◆ **EXTRACTED ENTRIES**:

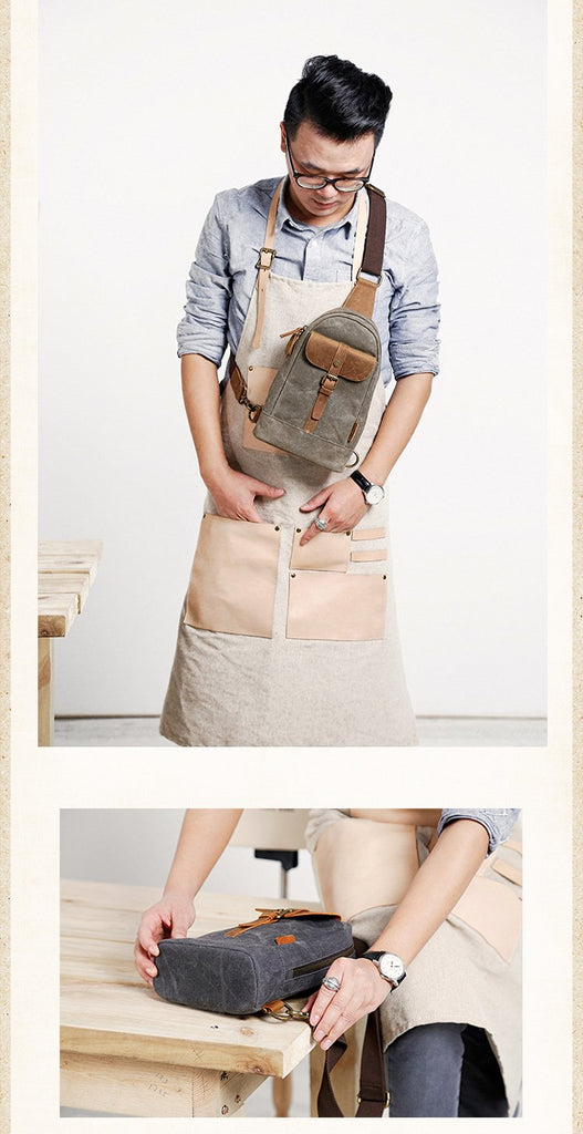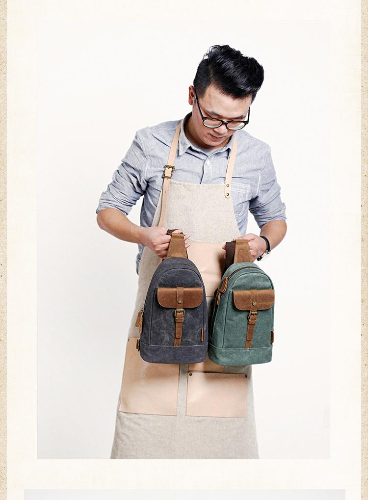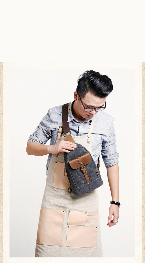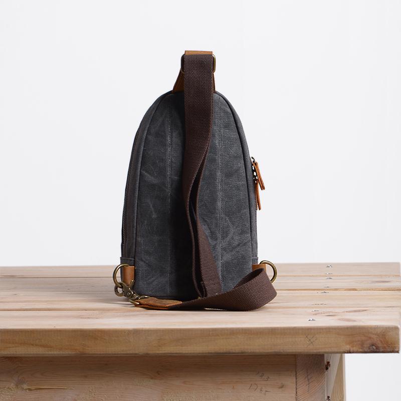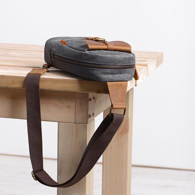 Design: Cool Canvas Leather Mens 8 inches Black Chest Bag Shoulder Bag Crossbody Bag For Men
...
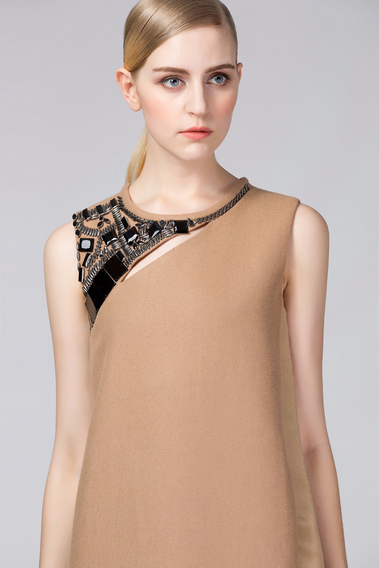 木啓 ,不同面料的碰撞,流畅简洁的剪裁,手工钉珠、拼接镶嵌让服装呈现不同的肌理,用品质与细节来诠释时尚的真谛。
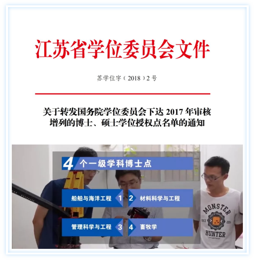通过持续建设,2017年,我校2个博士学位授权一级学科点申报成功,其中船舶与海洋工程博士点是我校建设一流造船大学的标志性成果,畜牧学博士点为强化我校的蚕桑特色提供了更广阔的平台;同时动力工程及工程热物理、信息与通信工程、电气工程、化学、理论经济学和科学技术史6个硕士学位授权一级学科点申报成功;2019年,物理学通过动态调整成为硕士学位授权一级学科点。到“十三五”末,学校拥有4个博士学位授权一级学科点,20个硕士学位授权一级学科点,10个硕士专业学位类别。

◆ **TASK TO COMPLETE**: Would you please reproduce the entries above, starting at the line with "木啓 ,不同面料的碰撞,流畅" and stopping after the line with "通过持续建设,2017年,我"? Omit any pictures.

◆ **OUTPUT OF THE TASK**:
 木啓 ,不同面料的碰撞,流畅简洁的剪裁,手工钉珠、拼接镶嵌让服装呈现不同的肌理,用品质与细节来诠释时尚的真谛。
通过持续建设,2017年,我校2个博士学位授权一级学科点申报成功,其中船舶与海洋工程博士点是我校建设一流造船大学的标志性成果,畜牧学博士点为强化我校的蚕桑特色提供了更广阔的平台;同时动力工程及工程热物理、信息与通信工程、电气工程、化学、理论经济学和科学技术史6个硕士学位授权一级学科点申报成功;2019年,物理学通过动态调整成为硕士学位授权一级学科点。到“十三五”末,学校拥有4个博士学位授权一级学科点,20个硕士学位授权一级学科点,10个硕士专业学位类别。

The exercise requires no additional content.